Neurological functions in mice were evaluated using the SNAP score to assess vision, proprioception, motor strength, and posture. The eight tests include (1) interactions with the examiner for the level of alertness, (2) cage grasp was evaluated by grip strength, (3) visual placing was evaluated by vision, torso strength, forelimb coordination, proprioception, and tactile input, (4) pacing or circling was observed for the ambulation direction, (5) gait and limb posture, (6) head tilt, (7) visual field was examined by waving a 2 mm diameter fiber-tipped applicator on either side of the head, and (8) baton was evaluated by coordination and proprioception.11 Each of the eight tests has a scoring range of 0–5. The results from each of the eight tests were summed to derive the overall SNAP score. Briefly, a neurologically intact animal would be expected to have a SNAP score of “0”. SNAP scores were high when asymmetric deficits were apparent. SNAP allows for ambiguous results (a score of “1”) and test scores of 2–5 were assigned when asymmetric deficits were apparent. In addition, a range was allowed when the deficit appeared to span more than one definition for a test score, and ranges were then averaged to derive the test score (e.g., a range of 1–2 would be scored as 1.5 for that test).

Statistical Analysis

Data are expressed as mean values ± SEM. Data were analyzed for statistical significance by the unpaired one-tailed Student’s t test for any two-group comparisons, by one-way analysis of variance (ANOVA) by Kruskal–Wallis test with Dunn’s multiple comparison test for multiple groups, and numbers of mice falling were analyzed by the χ2 test using Prism 5.

Acknowledgments

Funding

This work was supported by a grant from the Indiana Department of Health Spinal Cord and Brain Injury Fund. M.G. is a Fellow of the Chemistry-Biochemistry-Biology Interface Program, supported by a training grant GM075762 from the National Institutes of Health.

Footnotes

Author Contributions

M.L. synthesized compounds 2, 3, and 9 and performed the PK experiments.
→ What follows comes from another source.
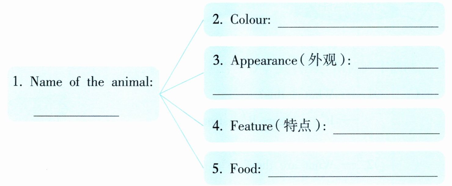 二、Read and choose. 英语课上, 同学们正在玩 “猜动物” 的游戏。请你读一读, 猜猜下面的句子分别描述的是哪种动物, 把序号填在括号里。
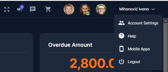Click your name button in the upper right corner of the COMET PLAY Toolbar, in order to open the User Menu

Z.C., B.N.T., and J.C performed the mouse TBI studies. M.G. determined enzyme kinetics, blood and S9 stability. D.H. contributed to the synthesis of compound 3. B.B. contributed to the development of the bioanalytical method for prodrug 3. E.L. performed the hemolysis and XTT assays. M.A.S., V.A.S., and W.R.W. performed the in-life portion of the PK and brain distribution animal studies. Z.C., B.N.T., M.R.J., R.N., J.C., and Z.G. analyzed the TBI data. J.C. and Z.G. designed the TBI studies. M.C. conceived and designed the experiments for this project and analyzed the results. S.M., Z.G., and M.C. wrote the manuscript, with input from the authors.

Notes

The authors declare no competing financial interest.